Far more essential part of the judgment concerns the effective implementation of the judgment in the Bosnian domestic legal system. The Court, therefore, dedicated lengthy part of the judgment to the discussion of application of article 46 of ECHR, i.e. execution of judgment in previous case Sejdić and Finci. It noted in para. 43 that :
now, more than eighteen years after the end of the tragic conflict, there could no longer be any reason for the maintenance of the contested constitutional provisions. The Court expects that democratic arrangements will be made without further delay. In view of the need to ensure effective political democracy, the Court considers that the time has come for a political system which will provide every citizen of Bosnia and Herzegovina with the right to stand for elections to the Presidency and the House of Peoples of Bosnia and Herzegovina without discrimination based on ethnic affiliation and without granting special rights for constituent people to the exclusion of minorities or citizens of Bosnia and Herzegovina.

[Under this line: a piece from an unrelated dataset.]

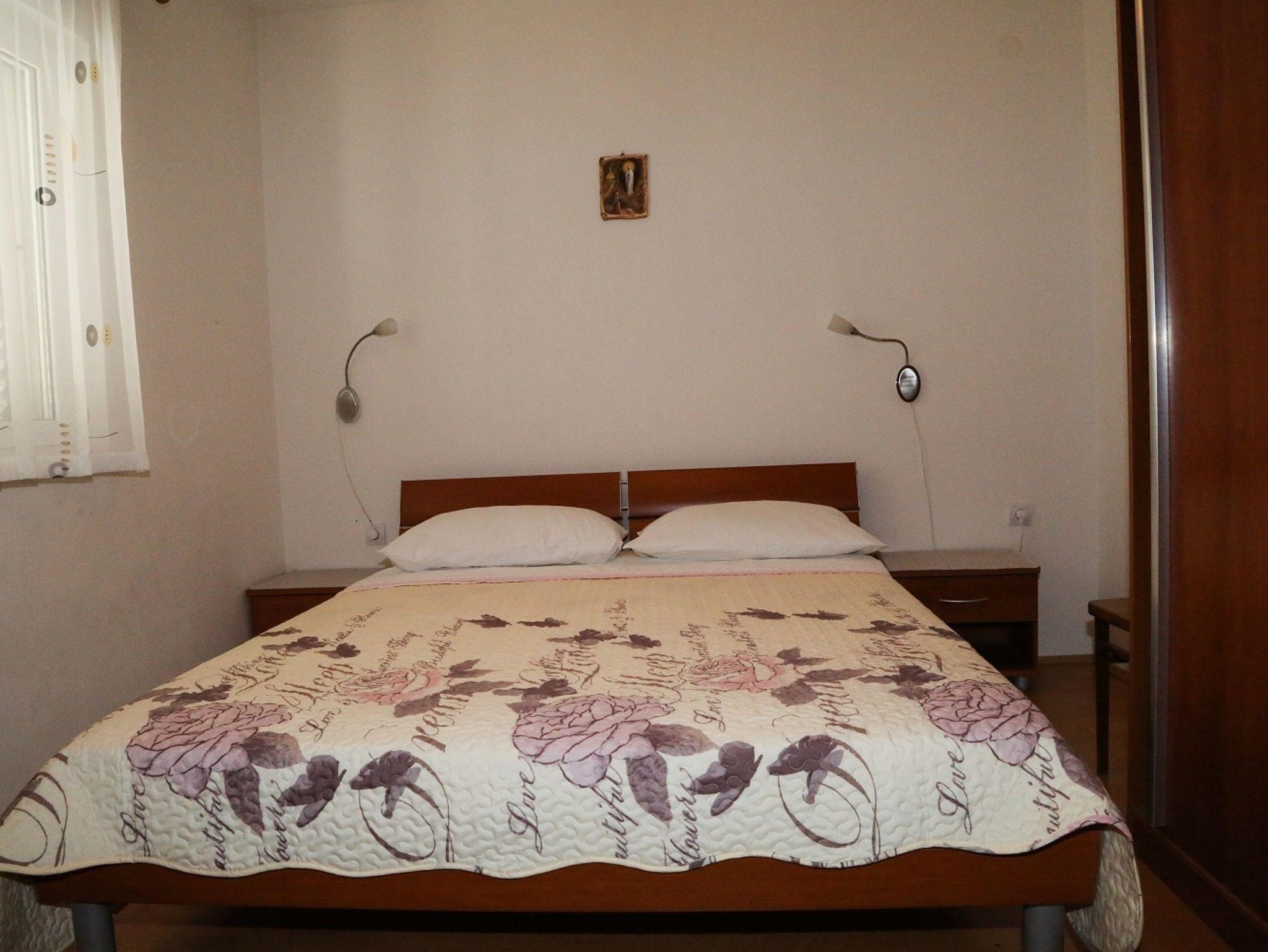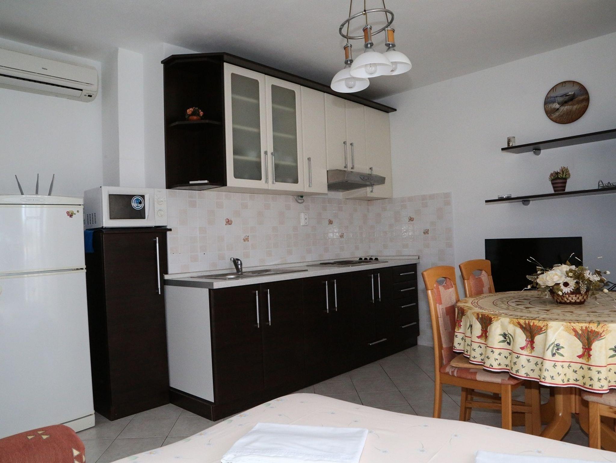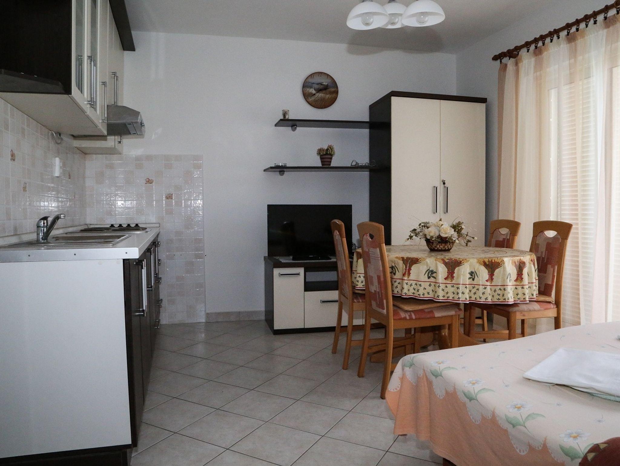 Ferienwohnung bietet Platz für 4 Gäste. Die Betten sind in Schlafzimmern, die es 1 gibt, und in Esszimmer, innerhalb einer Gesamtfläche von 33m2, angeordnet. Die Gäste haben eine eigene Terrasse zur Verfügung, auf der sie in warmen Sommernächten genießen können. Das Apartment bietet Meerblick. Es ist erlaubt, Speisen auf dem Gemeinschafts-Grill vorzubereiten. IM PREIS INBEGRIFFEN: Kurtaxe, Endreinigung, Klimatisierung, Internet, Zusatzbett. Die Verfügbarkeit zusätzlicher Dienstleistungen in Ihrem reservierten Termin und die Preise derselben (falls nicht aufgeführt) müssen im Voraus überprüft werden. Zusätzliche Dienstleistungen die in der Zahlungsaufforderung nicht aufgeführt sind werden direkt beim Vermieter bezahlt, angenommen der Gast nutzt auch diese.

It seems that the Court has in this case again stumbled on limits of its powers.The execution of judgments of the ECtHR is not only unsatisfactory in Bosnia and Herzegovina but also in several of other Central and European states. Therefore, it must be improved so that the normative regulation would allow for direct execution of judgments and so that necessary amendments to national laws would be adopted. Reasons for their non-execution are multi-layered, however they can be located in the dynamic of post—conflict societies, remnants of the former totalitarian regime, excessively formal legislative and judicial cultures and lack of political will. The judges at the Court may consider “that the time has come” to adapt the Bosnian constitutional system to the European Convention of Human Rights, however the realities and dynamics of the Bosnian politics and society at large are far away from such changes. Proposals that that insists on constitutional changes to the institutional framework of Bosnia and Herzegovina run the risk to unsettle the fundamentals of fragile cohabitation of three major ethnic groups and may potentially awaken old life-threatening tensions. It appears not certain that judges of the European Court are prepared to risk to tremble extremely fragile balance in order to guarantee “just” the right to stand for election of individuals not belonging to one of the constituent groups. There is much more at stake as only the right to stand for election.